Questionado sobre as alianças que iria buscar para chegar ao governo, caso seu nome seja aprovado dentro do partido, Boulos respondeu que fará alianças com o povo e criticou o PT por ter firmado alianças institucionais e deixar de lado a população no período em que esteve no governo, em sua avaliação. 

“A questão é como você consegue chegar em mais gente na cidade, como você consegue falar a língua do povo, dialogar com as pessoas e ampliar seu leque de apoio. Sabe qual foi um dos grandes problemas da esquerda que governou o Brasil? Foi ter achado que era mais importante fazer aliança institucional com o PMDB, com o centrão, do que fazer aliança com o povo. Descuidou do trabalho de base, deixou de pisar nas periferias, achou que gabinete resolvia tudo, que ‘acordão’ resolvia tudo, que jantar no Palácio da Alvorada resolvia tudo e esses caras foram os primeiros a meterem as facadas nas costas, com o Temer. A aliança que a esquerda brasileira precisa se preocupar hoje em fazer, não só nas eleições, é recuperar a aliança com o povo das periferias”.

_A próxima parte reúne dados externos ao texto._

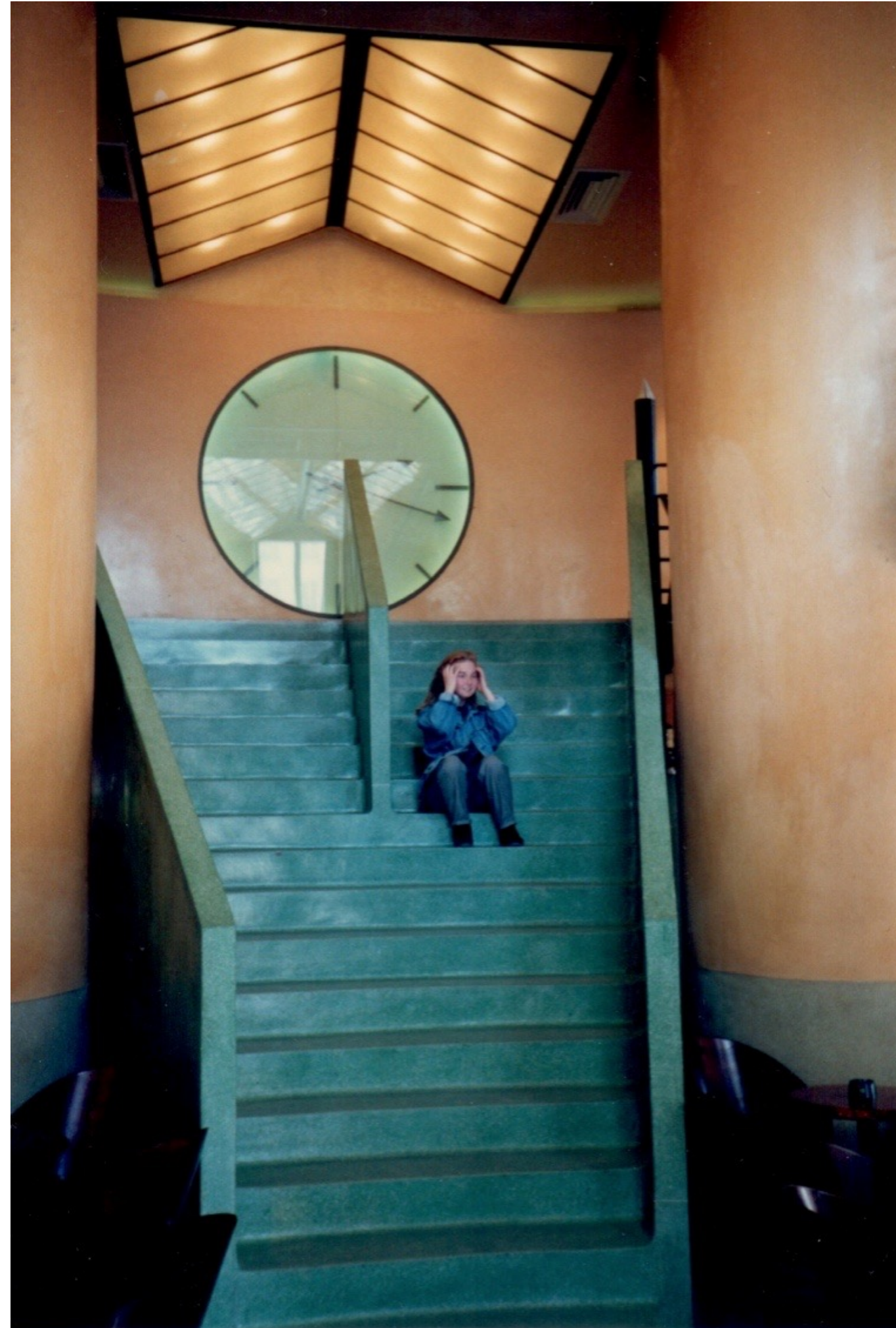
Kultcafé Café Costes (Paris 1984 – 1994): (Quelle: Eigene)

Sobre um possível pedido de impeachment de Jair Bolsonaro, Guilherme Boulos concordou com a necessidade da saída de Bolsonaro do poder, mas ponderou a capacidade de articulação da esquerda para conseguir levar o processo adiante. “Se há alguém de esquerda no Brasil que não acredita que o Bolsonaro tem que sair, não entendeu a natureza desse governo. O Bolsonaro é desastroso para a democracia, quer implementar esse projeto autoritário, o Bolsonaro é o pior tipo de casamento entre extrema-direita autoritária e neoliberalismo visceral, mais duro. A questão é: hoje nós temos força para derrotar o governo Bolsonaro? Acho que é esse o debate que precisa ser feito. Temos essa força para, por exemplo, propor o impeachment e aprovar no Congresso Nacional? Pega o impeachment do Trump nos Estados Unidos. Quem saiu fortalecido depois da negação do impeachment?”.